Founded by Yoni Bloch and Tal Zubalsky, the Tel Aviv-based Interlude is a digital media company that designs, develops and markets interactive video technology. Treehouse, is a web-based HTML5 web app they have developed that’s designed to allow anyone to tell their stories in the form of interactive video experiences.
One of Treehouse’s boons is surely it’s ease-of-use; with its drag and drop interface, within a few hours users can create an interactive video experience that tells their story and allows users to explore the outcomes of different choices and decisions.
In fact, this year sees Interlude team up with the Tribeca Film Festival by inviting filmmakers to re-imagine storytelling for the digital age by creating an interactive music film for Damon Albarn, Aloe Blacc or Ellie Goulding.
If you want to find more about the Bob Dylan video – as produced with Treehouse – head on over on 2Pause!
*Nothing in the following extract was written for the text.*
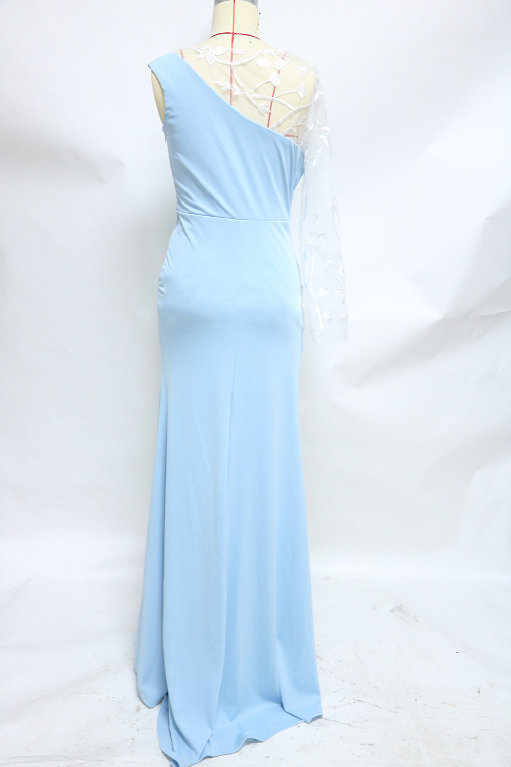 Single Sleeve Lace Slim Evening Dress Split Sexy Female Charm Slim Long Sleeve Banquet Dress
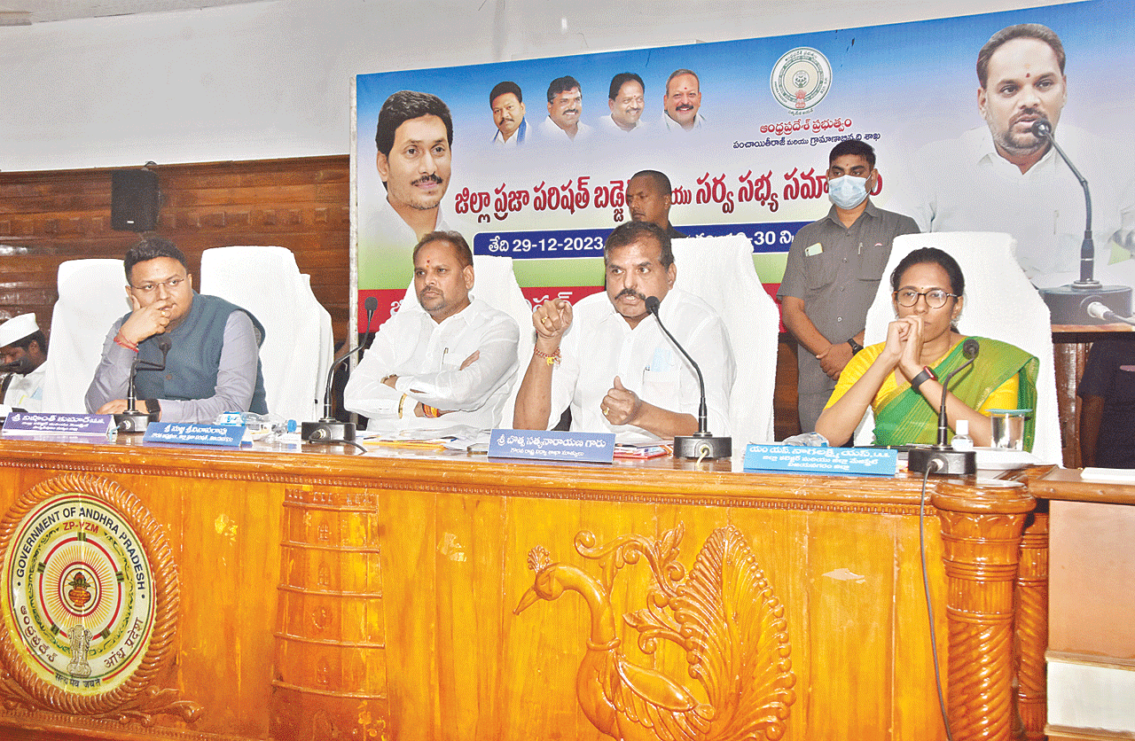 విజయనగరం (ఆంధ్రజ్యోతి) డిసెంబరు 29: జడ్పీ సర్వసభ్య సమావేశాన్ని అధికార పార్టీ ఎన్నికల స్టంట్గా మార్చేసింది. ప్రజా సమస్యలను గాలికొదిలేసి పబ్లిసిటీకి ప్రాధాన్యమిచ్చింది. సమస్యలపై చర్చించకుండా ఎంతసేపూ సొంత డబ్బా.. పరనింద మాదిరిగా సమావేశం సాగింది. జిల్లా పరిషత్ సమావేశ మందిరంలో శుక్రవారం జడ్పీ చైర్మన్ మజ్జి శ్రీనివాసరావు అధ్యక్షతన విజయనగరం, పార్వతీపురం-మన్యం జిల్లాల సర్వసభ్య సమావేశం జరిగింది. ఈ సమావేశాన్ని మంత్రి బొత్స సత్యనారాయణ ఎన్నికల కసరత్తుగా మార్చేయడంపై విమర్శలు వ్యక్తమవుతున్నాయి. రాజకీయాలు ఇక్కడ మాట్లాడకూడదు అంటూనే.. పింఛన్లు, ఆసరా, చేయూత ఇతర పథకాల గురించి డబ్బా కొట్టారు. పథకాలపై పెద్ద ఎత్తున ప్రచారం చేయాలని వలంటీర్లకు సూచించారు. సీఎం గురించి గొప్పగా చెప్పిన లబ్ధిదారుల వీడియోలను పంపిస్తే ఆ వలంటీర్లకు బహుమతులు కూడా ఉంటాయని తెలిపారు. ప్రజా సమస్యలపై చర్చించకుండా ఈ గొప్పలు చెప్పుకోవడం ఏమిటని పలువురు సభ్యులు గుసగుసలాడుకోవడం కనిపించింది.

Primarily aimed at photographers, Exposure is for photographers who are looking to publish their photographs as part of a more meaningful narrative. In many ways, Exposure is reminiscent of Storehouse but in a desktop format; just like Storehouse the emphasis is on eye-catching, big-impact photographs which drive the narrative. And like Storehouse, it’s also very pretty.
Exposure’s Post Editor works by allowing you to drag and drop photographs into your browsers and then add various texts in between the photos. The result is an attractive blend of text narratives and photographs that are almost reminiscent of Medium – the blog publishing platform launched by Twitter founder Ev Williams.
In the late ’90s, Robert Tatsumi and Jonathan Gay created Futuresplash Animator, a vector-based animator editor that would later go on to become Flash. The pair were joined by Gary Grossman, Peter Santangeli and Peter Goldie, and together they made software history. Having created one of the world’s most famous pieces of software, the quintet teamed up again in to launch Explory, a Kickstarter-funded iOS storytelling App.
While not as visually attractive as Storehouse or Exposure, Explory is simple, well designed and makes turning photos and videos — (together with music, narration and text if desired) into compelling narratives. With Apps like Snapchat, Vine and Instragram Video on the rise, Explory offers a nice alternative that seeks to turn a variety of media into something longer and more engaging.